**Brief**
Give back the full listing exactly, setting the pictures aside.

** Opening Information provided block **

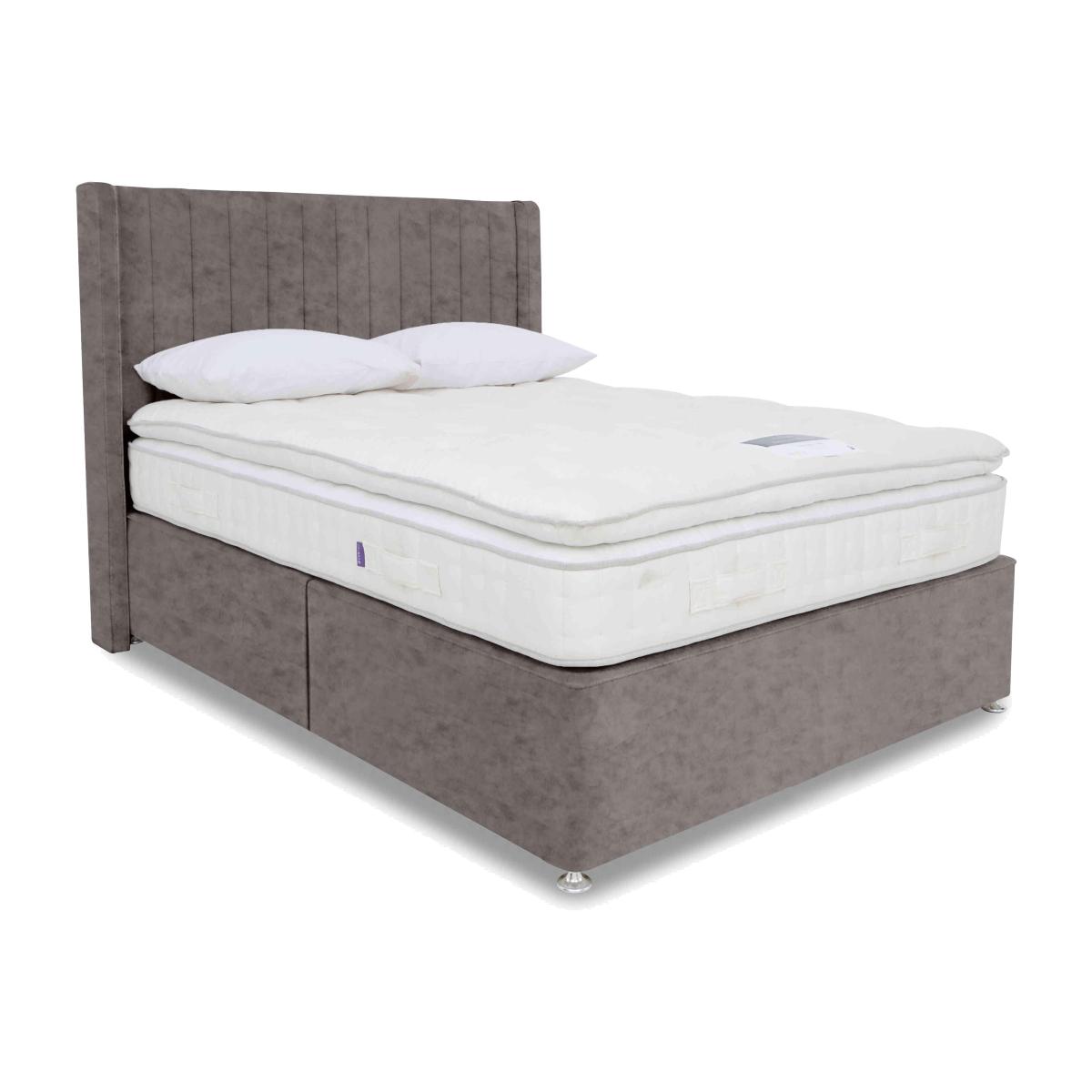 Yorkshire born and bred, Harrison Spinks Yorkshire mattresses and divan sets are exclusive to Furniture Village and handcrafted to order. Every mattress is layered with all-natural fillings that are either produced on Harrison Spinks’ own farm in Yorkshire or sourced locally, a commitment that means every bed is as environmentally-friendly as it is comfortable. High-density pocket springs along with thousands of cushioning micro springs ensure that every mattress promises both personalised support and sumptuous luxury. Sprung firm-edge divan bases are beautifully upholstered in a range of fabrics, and feature optional storage drawer configurations. Harrison Spinks is a family-owned company and has been making wonderful British beds since 1840. Fabulous handcrafted pillow top mattress meets beautifully upholstered divan base with built-in storage in this superb Harrison Spinks divan set. Handcrafted and only at Furniture Village. Why you'll love it A sumptuous Harrison Spinks divan set complete with cushioning pillow top mattress. Each handcrafted pocket spring mattress is made to order in Yorkshire. With a unique combination of supportive pocket springs and cushioning micro springs. Filled with springy British wool, hypoallergenic Yorkshire hemp and breathable cotton. Micro spring-filled pillow top provides extra comfort with pressure relief. Finished with traditional tufting and hand side stitching. A more sustainable choice – this mattress is fully recyclable. Made without foam, glue and chemical fire-retardants for a more natural night’s sleep. Choice of firmness – regular and firmer. The pillow top adds a layer of luxurious softness. Sprung base with optional storage drawers or end-opening ottoman. In a wide choice of upholstery fabrics. In single, small double, double, king and super king sizes. Made in Yorkshire exclusively for Furniture Village. This divan set is part of the Harrison Spinks Yorkshire 10. K collection. What you need to know Headboard is an optional extra. Mattress type: Pocket spring. Depth: 28 cm. Firmness:Regular and firmer. Springs: 10,000 in king size – 1,000 pocket springs and 9,000 pillow top micro springs. Pillow top: Yes – with wool, cotton and micro springs. Fillings: British wool, Yorkshire hemp, cotton. Cover: Wool blend. Requires turning: No. Base type:Pocket sprung with firm edge support and optional drawer or ottoman storage. Sizes: Single, small double, double, king and super king. Mattress care:Air for 4 hours before using to remove any odour. Allow at least 4 hours for springs to settle and for mattress to attain its full size. Indentations caused by settlement of fillings or body weight are normal and are not considered defects. If used on a slatted bed frame, the space between slats must be no wider than 7.5 cm. Spaces wider than this may cause excess dipping of the mattress and invalidate the guarantee. Always use a mattress protector. Rotate regularly. Divan base care: Clean upholstery weekly using a soft brush or vacuum with the curtain attachment. Professional cleaning advised for oil- and grease-based stains. Some fabrics can show wear on areas of more use or in direct sunlight.
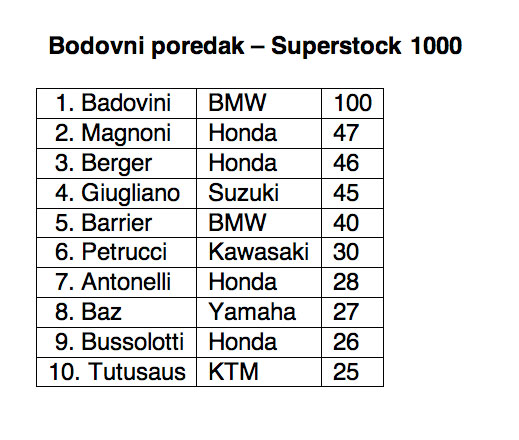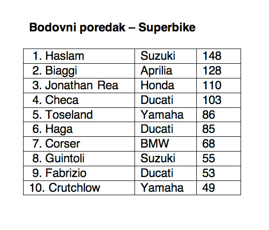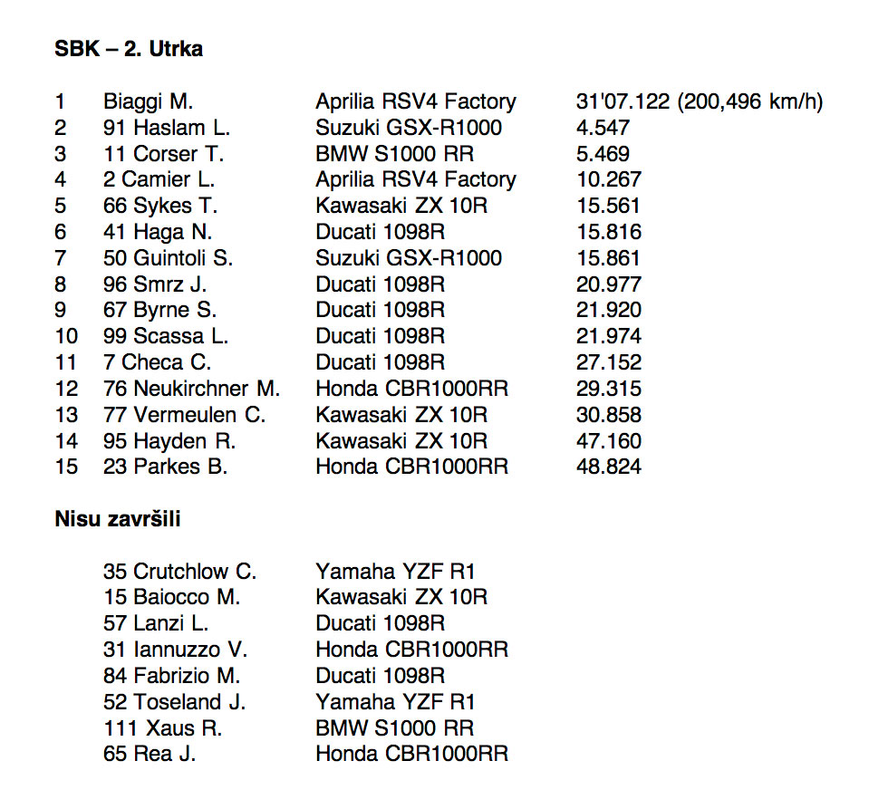 Drugo mjesto je tako pripalo Leonu Haslamu, koji je zadržao vodstvo u ukupnom poretku, dok je treći bio Troy Corser, koji je u Monzi prvi put doveo BMW na pobjedničko postolje otkako se njemački proizvođač priključio prvenstvu početkom prošle godine.
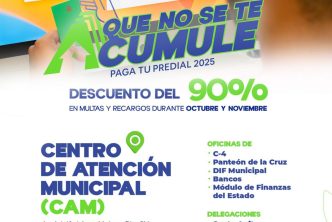 INVITA MUNICIPIO A APROVECHAR EL 90 POR CIENTO DE DESCUENTO EN MULTAS Y RECARGOS POR CONCEPTO DE PREDIAL
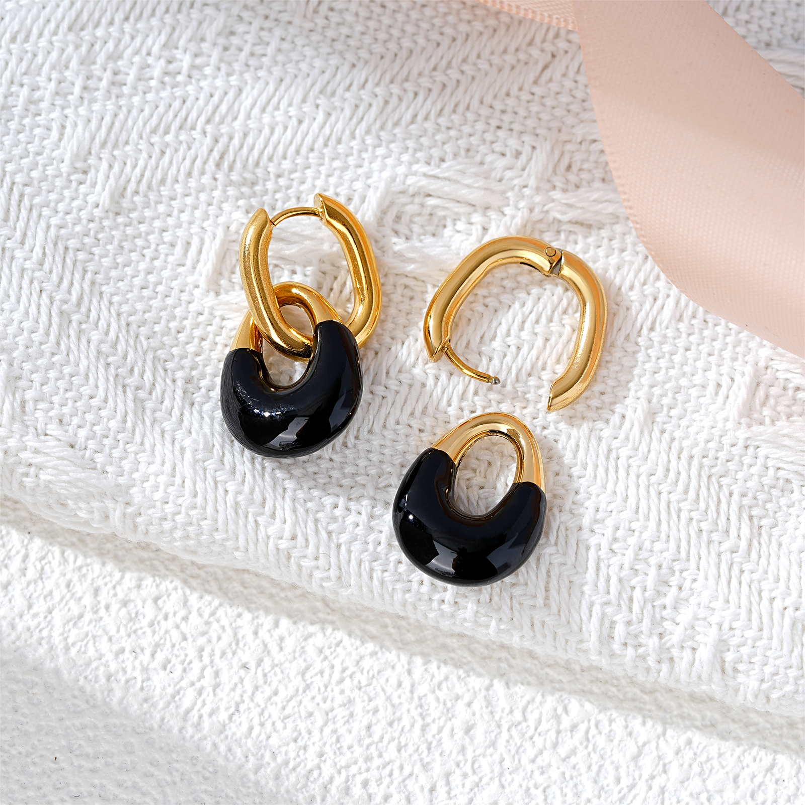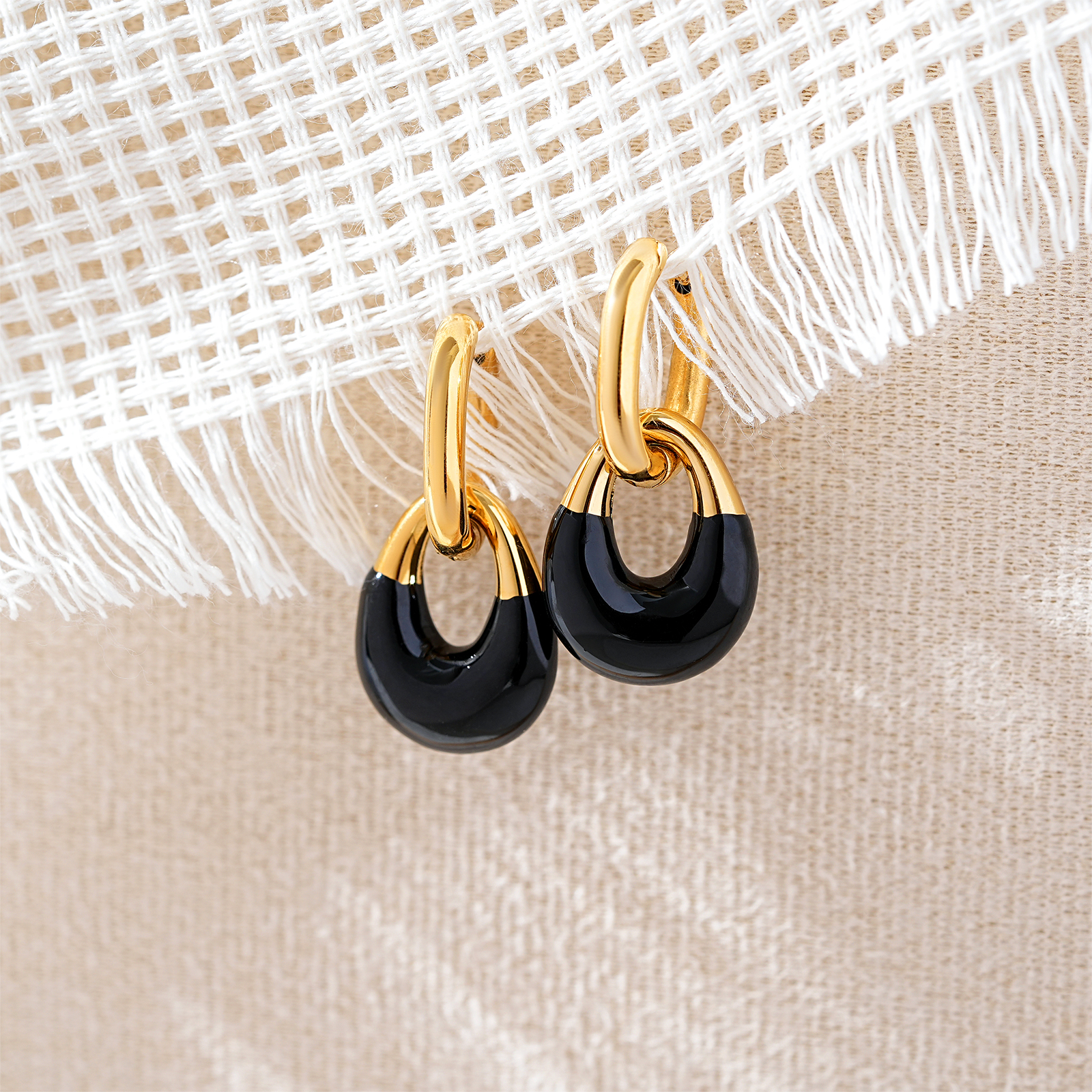 The lower section features a smooth black enamel earrings finish (epoxy coating), creating a striking contrast against the polished gold tone.

** Closing Information provided block **

**Response to the task**
 Yorkshire born and bred, Harrison Spinks Yorkshire mattresses and divan sets are exclusive to Furniture Village and handcrafted to order. Every mattress is layered with all-natural fillings that are either produced on Harrison Spinks’ own farm in Yorkshire or sourced locally, a commitment that means every bed is as environmentally-friendly as it is comfortable. High-density pocket springs along with thousands of cushioning micro springs ensure that every mattress promises both personalised support and sumptuous luxury. Sprung firm-edge divan bases are beautifully upholstered in a range of fabrics, and feature optional storage drawer configurations. Harrison Spinks is a family-owned company and has been making wonderful British beds since 1840. Fabulous handcrafted pillow top mattress meets beautifully upholstered divan base with built-in storage in this superb Harrison Spinks divan set. Handcrafted and only at Furniture Village. Why you'll love it A sumptuous Harrison Spinks divan set complete with cushioning pillow top mattress. Each handcrafted pocket spring mattress is made to order in Yorkshire. With a unique combination of supportive pocket springs and cushioning micro springs. Filled with springy British wool, hypoallergenic Yorkshire hemp and breathable cotton. Micro spring-filled pillow top provides extra comfort with pressure relief. Finished with traditional tufting and hand side stitching. A more sustainable choice – this mattress is fully recyclable. Made without foam, glue and chemical fire-retardants for a more natural night’s sleep. Choice of firmness – regular and firmer. The pillow top adds a layer of luxurious softness. Sprung base with optional storage drawers or end-opening ottoman. In a wide choice of upholstery fabrics. In single, small double, double, king and super king sizes. Made in Yorkshire exclusively for Furniture Village. This divan set is part of the Harrison Spinks Yorkshire 10. K collection. What you need to know Headboard is an optional extra. Mattress type: Pocket spring. Depth: 28 cm. Firmness:Regular and firmer. Springs: 10,000 in king size – 1,000 pocket springs and 9,000 pillow top micro springs. Pillow top: Yes – with wool, cotton and micro springs. Fillings: British wool, Yorkshire hemp, cotton. Cover: Wool blend. Requires turning: No. Base type:Pocket sprung with firm edge support and optional drawer or ottoman storage. Sizes: Single, small double, double, king and super king. Mattress care:Air for 4 hours before using to remove any odour. Allow at least 4 hours for springs to settle and for mattress to attain its full size. Indentations caused by settlement of fillings or body weight are normal and are not considered defects. If used on a slatted bed frame, the space between slats must be no wider than 7.5 cm. Spaces wider than this may cause excess dipping of the mattress and invalidate the guarantee. Always use a mattress protector. Rotate regularly. Divan base care: Clean upholstery weekly using a soft brush or vacuum with the curtain attachment. Professional cleaning advised for oil- and grease-based stains. Some fabrics can show wear on areas of more use or in direct sunlight.
 Drugo mjesto je tako pripalo Leonu Haslamu, koji je zadržao vodstvo u ukupnom poretku, dok je treći bio Troy Corser, koji je u Monzi prvi put doveo BMW na pobjedničko postolje otkako se njemački proizvođač priključio prvenstvu početkom prošle godine.
 INVITA MUNICIPIO A APROVECHAR EL 90 POR CIENTO DE DESCUENTO EN MULTAS Y RECARGOS POR CONCEPTO DE PREDIAL
 The lower section features a smooth black enamel earrings finish (epoxy coating), creating a striking contrast against the polished gold tone.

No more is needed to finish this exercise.